<<<<
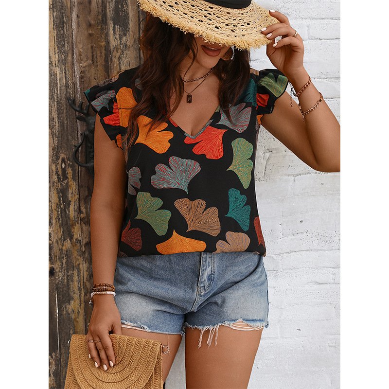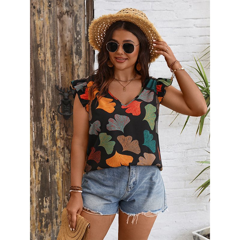 This stylish V-neck shirt features flutter sleeves and a slim-fit design to flatter every body shape. Made from high-quality polyester fabric, it is lightweight and comfortable for all-day wear. Perfect for casual outings or office wear, this shirt is versatile enough to dress up or down.
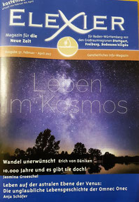 In der Print-Ausgabe Nr. 37 erschien dieser Fachartikel über UFO-Phänomene, für den Erich von Däniken und ich gemeinsam befragt wurden. Mein Beitrag findet sich auf Seite 8, direkt nach seinem Artikel. Dies belegt meine fachliche Expertise in der Grenzwissenschaft, die hier in gedruckter Form als Belegexemplar vorliegt.
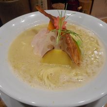 店内はカウンターだけですが、まるで料亭のカウンターみたいにすっきりしたものでした。肝心のラーメンは、クリーミーなスープが特徴で、トッピングのエシャロットバターがすごく合いました。
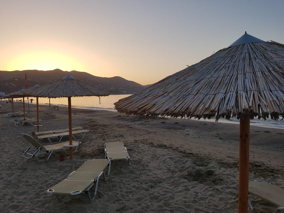 Blick auf den westlichen Teil des Strand (kurz vor Sonnenuntergang). An diesem Tag waren etwas höhere Wellen. Der Strand wird täglich (am Abend) von Mitarbeitern gereinigt und aufgeräumt.
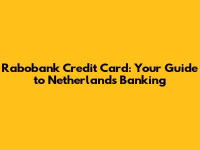 Hey guys! So, you’re thinking about getting a credit card in the Netherlands, and Rabobank keeps popping up? Smart move! Rabobank is a huge player here, and their credit cards are a solid choice for many. Whether you’re a local or an expat looking to get your finances sorted, understanding your credit card options is super important. Today, we’re diving deep into what a Rabobank credit card can offer you, why it might be the perfect fit for your needs, and what you need to know before you apply. We’ll cover everything from the nitty-gritty application process to the perks and benefits that come with holding one of their cards. Getting a credit card might seem a bit daunting, especially in a new country, but don't sweat it! We’re here to break it all down in a way that's easy to understand and, dare I say, even a little bit fun. So, grab a cuppa, settle in, and let’s explore the world of Rabobank credit cards in the Netherlands together.
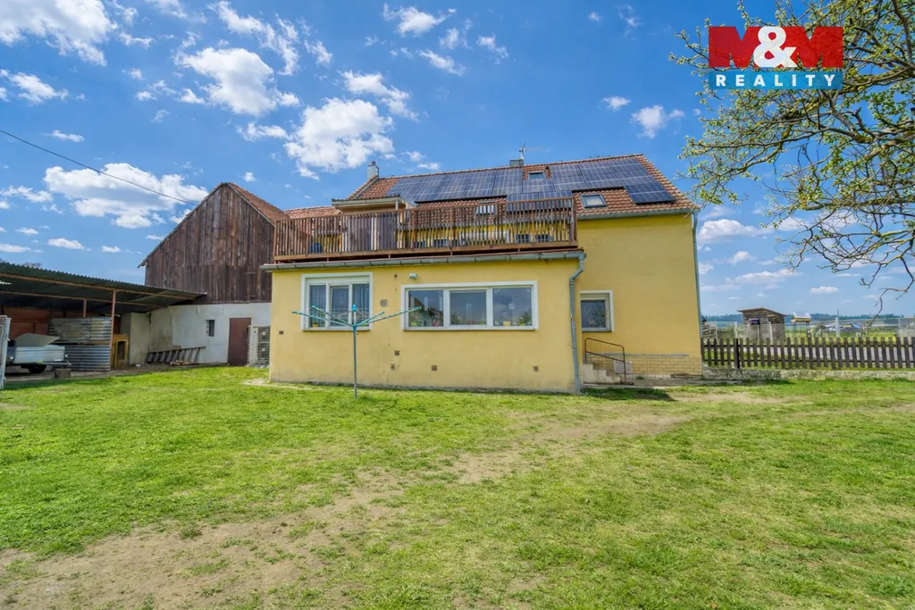 Nabízíme k prodeji slunný a prostorný dvougenerační rodinný dům o užitné ploše 197 m2 na pozemku cca 1.100 m2 v malebné obci Horní Kozolupy. Dům se skládá ze dvou nezávislých bytů, jsou zde 2 kuchyně, 2 koupelny a 2 samostatné toalety s tím, že přízemní byt je dispozičně řešen jako 2+kk a má výměru 104 m2 a byt v patře má dispozici 3+kk s výměrou 93 m2 ke kterému patří nadstandardně prostorný balkon ideální k relaxaci o výměře 22 m2. V domě je obytné podkroví, které může sloužit jako další pokoj a dále je zde sklepní prostor o výměře 25 m2. Ohřev vody je zde řešený bojlery a o vytápění domu se stará tepelné čerpadlo. Na střeše domu jsou nainstalovány solární panely. K domu také náleží další prostory jako je dílna, skladovací prostor, garáž a stodola. Dům je napojen na veřejný vodovod a elektrickou síť, odpady jsou svedeny do septiku. Tento dům je ideální pro zájemce, kteří hledají moderní bydlení blízko přírody. Veškerá občanská vybavenost se nachází v blízké dojezdové vzdálenosti.
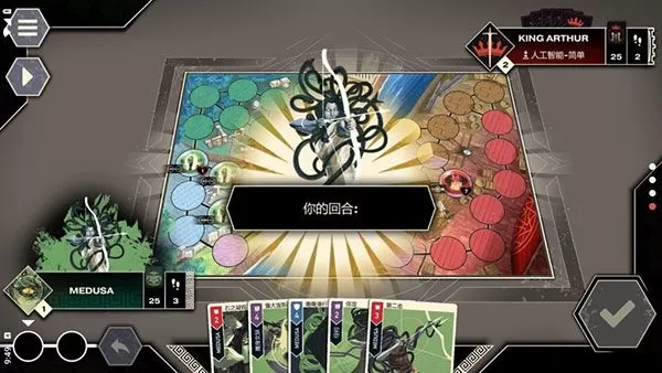 无双对决数字版手游(Unmatched)是改编自同名Steam游戏移植而来的一款策略桌游模拟游戏。在这款游戏中,玩家们需要选择两个(或更多)对手指挥着神话、历史或小说中的角色,为时代而战!你有没有想过谁会赢,亚瑟王(与助手梅林)还是仙境中挥舞着剑的爱丽丝?辛巴达和他值得信赖的搬运工乘客将如何对抗美杜莎和三个女妖?找到真相的唯一方法是快速玩一盘Unmatched战斗游戏!因此每个玩家需要命令他们的英雄和伙伴,使用一副独特的纸牌,在战场上击败他们的对手。但需要重要的是,每个英雄都有独特的牌组和能力,爱丽丝可变大变小,亚瑟王可以弃一张牌来增强其攻击,辛巴达随着航行次数的增加会变得越来越强大,美杜莎只需一瞥就能毁了你。
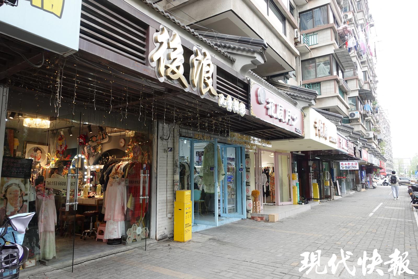 4月12日下午,现代快报记者来到老门东附近的剪子巷,沿街的商铺七成都是服装租赁店,即便是在工作日的下午,各个店里也陆续有人前来咨询。其中一个店铺的店员说,他们店主要提供汉服与旗袍的租赁,还有部分是比较华丽的、适合浓妆拍照的衣服,“一套衣服买回来大几百到上千元不等,出租的价格为89元一天。”
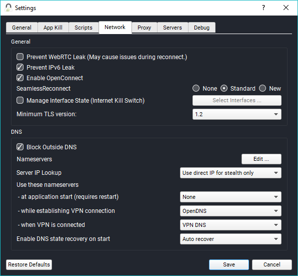 Under the Network tab, you can edit the DNS settings provided by the app. If you want, you can choose third-party DNS instead of the one provided by TorGuard. It’s not advised as it may expose your identity. Further, there is a checkbox to enable WebRTC leak, IPv6 leak, etc.
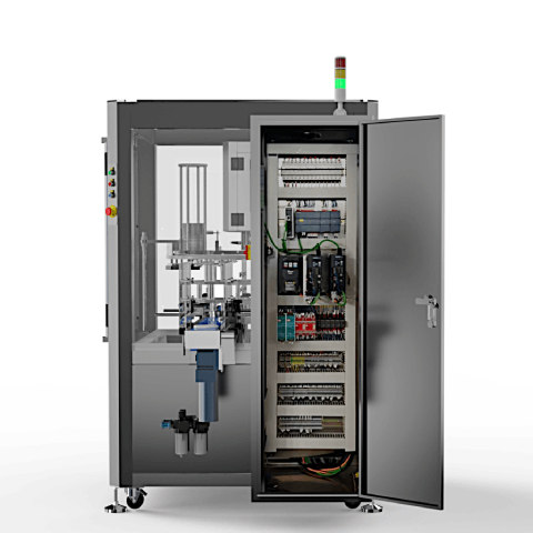 The Automatic Heat Sealer for Composite Cans uses 4.0 technology and Supervisory Control and Data Acquisition (SCADA) with Linux software.
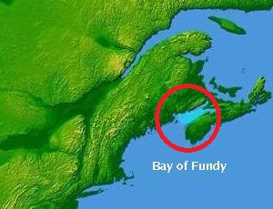 Dort habe es die proto-hellenischen 'Globetrotter' in die kanadische Fundy-Bucht (engl.: Bay of Fundy) (Abb. 5) verschlagen. Diese, durch ihre massiven Tiden und Strömungen unter Seeleuten berüchtigten Bucht bei der Halbinsel Nova Scotia identifizierte Mertz als jenen Ort, wo die Gefährten in der Odyssee von den 'Monstern' Skylla und Charybdis attackiert werden, welche ihr Schiff zu zerschmettern und 'mit Mann und Maus' in die Tiefe zu ziehen versuchen; nach Henriette Mertz eine typische Mythisierung von Naturgewalten. [25] Wie die Odyssee interpretiert sie auch die sagenhaften Fahrt der Argonauten unter Iason als transatlantische Reise. Diese seien an die Ostküste Südamerikas gelangt, an welcher sie bis zur Amazonas-Mündung entlang fuhren, und dann weiter zum Rio de la Plata. Von dort gelangten Iason und seine Mannschaft, H. Mertz zufolge, auf den bolivianischen Altiplano und nach Tiahuanaco, wo sie das Goldene Vlies fanden.[26]
>>>>
Above are some entries; copy exactly the lines from the line with "店内はカウンターだけですが、" through the line with "Blick auf den", both included, but none of the pictures.

 店内はカウンターだけですが、まるで料亭のカウンターみたいにすっきりしたものでした。肝心のラーメンは、クリーミーなスープが特徴で、トッピングのエシャロットバターがすごく合いました。
 Blick auf den westlichen Teil des Strand (kurz vor Sonnenuntergang). An diesem Tag waren etwas höhere Wellen. Der Strand wird täglich (am Abend) von Mitarbeitern gereinigt und aufgeräumt.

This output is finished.